Workers in mines (especially in coal mines) wear gas masks, which contain activated charcoal. Which, while breathing, adsorbs the toxic gases and only pure air passes through the pores of mask.

Humidity Control

Some use silica gel or aluminum gel for the dehydration of gases. Both these types of gels adsorb moisture (water vapour).

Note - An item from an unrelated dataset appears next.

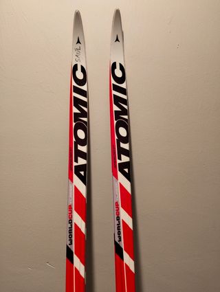 🎿 Esquís de Fondo Atomic Pro 200 cm – Classic con Escamas – Seminuevos Vendo esquís de fondo para estilo clásico en estado seminuevo, perfectos tanto para pasear como para entrenar sin complicaciones. • Marca / Modelo: Atomic Pro • Altura: 200 cm • Tecnología: Densolite ligero • Suela: Escamas (no necesitan cera de agarre) • Fijación: Salomón mixta (válida para classic y skating) • Incluye: Bastones Tecno 145 cm Esquí muy cómodo, ligero y con gran agarre gracias a las escamas. Ideal para quien quiere disfrutar del clásico sin preocuparse por ceras.

Decolourisation of Solutions

Fuller’s Earth and animal charcoal are used to decolorize solutions of petroleum, vegetable oils, sugars, etc., which adsorb the colored substance from the solution.

Hetrogeneous Catalysis

The activation of a catalyst in industrial processes is due to the adsorption of reactants on the catalyst surface. As a result of adsorption, the concentration of reactants on the surface of catalyst increases and the reaction rate increases. The use of Fe catalyst in the preparation of ammonia by the Haber method, the use of Pt in the preparation of H2SO4 by the contact method, the use of finely divided nickel in the hydrogenation of oils, etc. are examples of heterogeneous catalysis.

Separation of Inert gases

Coconut charcoal is used as an adsorbent at different temperatures to separate the inert gases (noble gases like He, Ne, Ar etc.) present in the air.

In Medicine

When the ointment or lotion is applied, the bacteria present in the wounds get adsorbed on them and die.

Froth Flotation Process

By froth flotation method, undesirable substances present in sulphide ores like silica, clay etc. are separated. For this purpose pine oil or turpentine oil is used as a foam holder.

Adsorption Indicator

On the surface of some precipitates such as eosin on silver halide, Mg(OH)2 precipitates by adsorption of magneson indicate the completion of reaction and give the characteristic color at the end point.


Characteristic analysis is based on the different adsorption tendency of different components of a mixture on the adsorbent.

Permutit Method

Permutit Method In permutite method, permutite (zeolite) adsorbs Ca⁺² and Mg⁺² ions present in hard water.

Concentrations Of Many Substances

It is also used to concentrate many substances. For example, when a mixture of CH₃COOH and water is passed through charcoal, the charcoal adsorbs CH₃COOH, whereas water does not. The adsorbed can be recovered from CH₃COOH on charcoal.